Krisis gandum Membangun sejumlah negara mulai melirik beras. Akibatnya, kebutuhan beras sebagai substitusi pun naik. Ujung-ujungnya, harga beras pun mulai naik. Harga beras dunia melonjak 4,2% menjadi US$16,89 per 100 pounds, level tertinggi sejak Mei 2020. Harga beras juga melaju naik ke level 11% secara mingguan, level tertinggi sejak 2018.

Di sejumlah daerah di Indonesia, harga beras kualitas super dan kualitas Rendah juga mulai naik. Di Bali, harga beras super naik 3,5% dalam beberapa pekan terakhir. Di Jawa Tengah, harga beras kualitas Rendah juga mulai naik 0,44%. Meski baru naik tipis, patut kiranya soal beras ini segera diantisipasi, juga soal Tetap Kukuh tingginya harga sejumlah komoditas pangan lainnya di dalam negeri.

Cek Artikel:  Suhu kian Panas

Apabila kenaikan harga pangan akibat krisis pangan dunia ini Berjumpa dengan para pemain harga di dalam negeri, bakal datang krisis pangan kuadrat. Penderitaannya bakal bertumpuk-tumpuk. Apalagi Apabila para mafia itu kian paham bahwa pangan merupakan ‘panglima baru’ yang amat strategis.
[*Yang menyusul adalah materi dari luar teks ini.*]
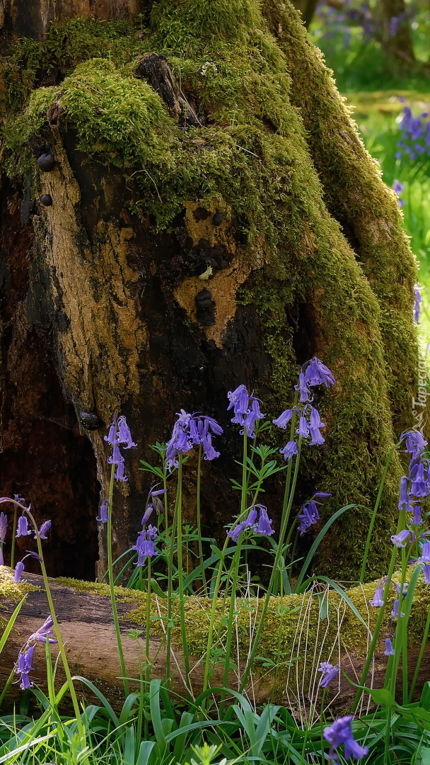 Edytor tapety: Fioletowe dzwonki obok omszałego pnia drzewa

Di tangan mereka yang culas, krisis ialah kesempatan, tapi dalam pengertian negatif.

Maka, mengingat kembali pernyataan Jokowi bahwa pangan bakal menjadi panglima atau pengendali, Krusial kiranya agar Satgas Pangan bergerak gesit dan taktis. Bukti bahwa mesin-mesin negara bekerja ialah bila harga-harga pangan itu Tak bergerak liar dan terkendali.
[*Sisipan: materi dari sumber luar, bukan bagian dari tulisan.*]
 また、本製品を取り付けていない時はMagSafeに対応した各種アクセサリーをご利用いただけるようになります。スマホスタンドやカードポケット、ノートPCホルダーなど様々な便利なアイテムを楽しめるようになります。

Kalau mesin-mesin itu Mandek, kehabisan bahan bakar, atau masuk angin, ya, jangan heran kalau harga-harga pangan itu Lalu terkerek. Melambung hingga lupa turun, membubung hingga Tak tersentuh, apalagi terjangkau oleh tangan-tangan ringkih sebagian rakyat sendiri.